Everything you do is my pet peeve

Ready for a Rant?

I am working on becoming a person with more chill. Before transplant, I could be singularly focused, and I have spent a lot of my adult life getting irritated over situations that I really had no control over. Neighbors blasting music late into the night on a Tuesday. Groups of people walking together three wide down a grocery aisle. People who fully recline their seat in the front of you on an airplane the moment they sit down – those who hop up the moment the plane stops, even though they are twenty rows back from where the door opens.

I’ve realized that in many of these situations, the biggest discomfort I am feeling is the stress I am putting on myself by focusing on the annoyance of it all. I cannot control what these people are doing, but I still let it gather my focus and irritate me. Once I got sick and so very close to dying (no joke), my perspective of life snapped into a clearer picture. When I was in danger of losing everything, just the smallest things began bringing me joy. And in turn, the most annoying things were easier to let go.
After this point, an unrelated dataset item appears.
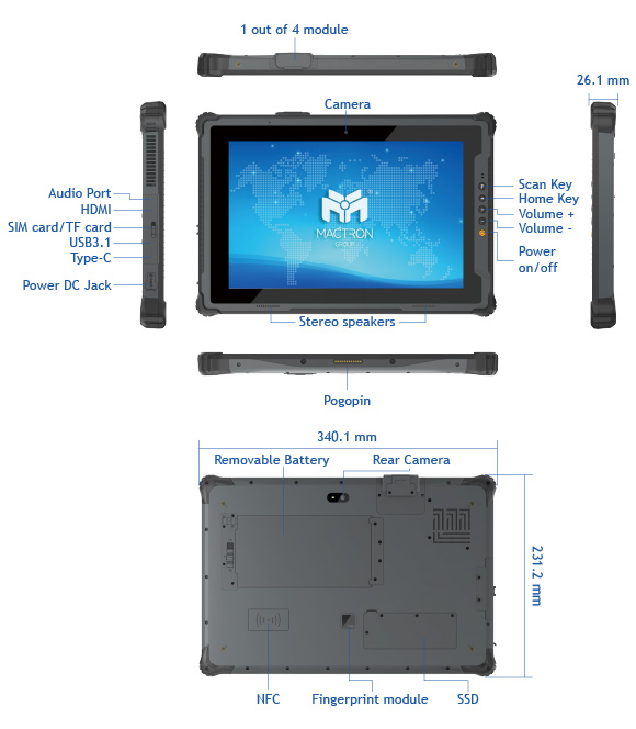 Barcode Scanner Module (Optional) NFC Module (Optional) Fingerprint Module |
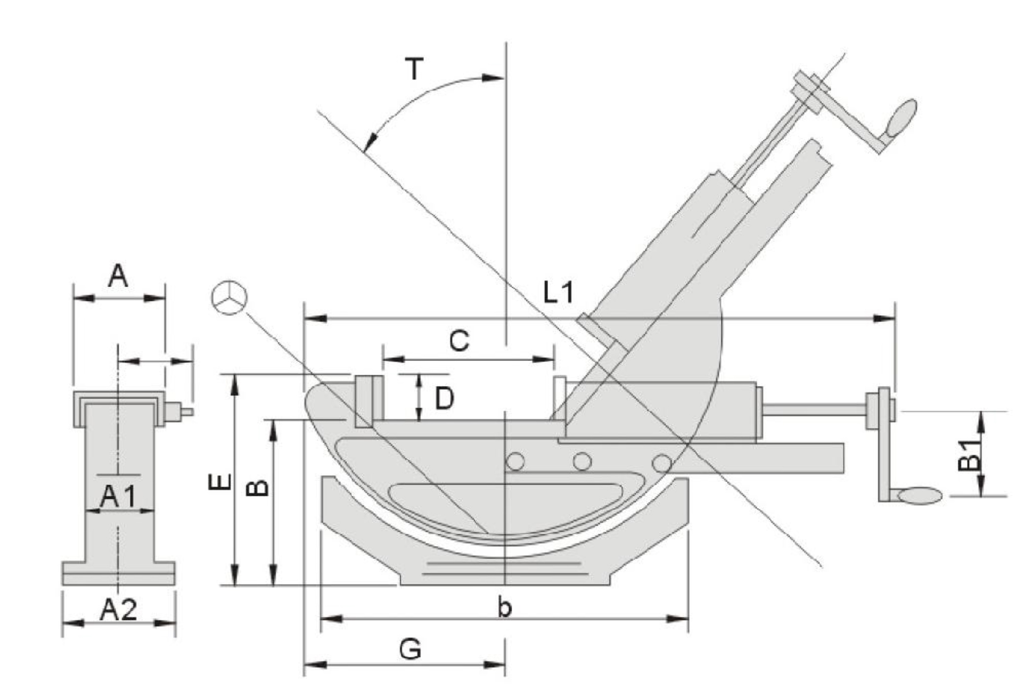 | 訂購編號 | 型號 | A | A1 | A2 | B | B1 | b | 夾持範圍 | D | E | G | L1 | T | 主體重量 N.W. | 底盤重量 N.W. | |||

Do I still think these instances are rude? Yes. Do I wish sometimes that people are more self-aware than they are? Sure.  But is it worth making myself miserable over? Probably not. So I view it as an internal ‘picking and choosing my battles’ – like before I let an irritation grow, consider if it is even worth the energy…and in most instances, nowadays, it is not.  

That being said…I still have like 280,000 things on my growing list of pet peeves. I came out of recovery with a more positive outlook on life, grateful just to be alive and here to make the most of it. I will do my best to hold on to that positive outlook and try to be more generous with my feelings of annoyance. 

Anyone relate?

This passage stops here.